I'm not entirely clear why mountd even allows that, but no point trying
to change it now anyway.

> An exception would need to be made for every 'nfs4_lookup_dentry', provided
> it found a directory, or nothing (or a symlink...). Possibly this could only
> be done for anonymous credentials (as are used by the nfs4 mount operation).

Yuch.

> It would be nice if we could clearly differentiate a mount-time lookup from a
> regular lookup, but I don't think the protocol allows for that.

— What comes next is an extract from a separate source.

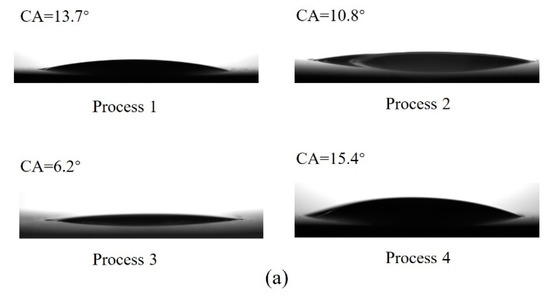 Substrates treated with combined methods: (a) process 1, (b) process 2, (c) process 3, and (d) process 4.

I guess you're right. So it starts to sound more like: "you have a
confusing setup. Your export configuration says one thing, and your
filesystem permissions say another. Under NFSv3 the confusion didn't
matter, but now it does--time to fix it."

--b.

2012-10-08 11:42:45

by Steve Dickson

[permalink] [raw]
Subject: Re: Inconsistency when mounting a directory that 'world' cannot access.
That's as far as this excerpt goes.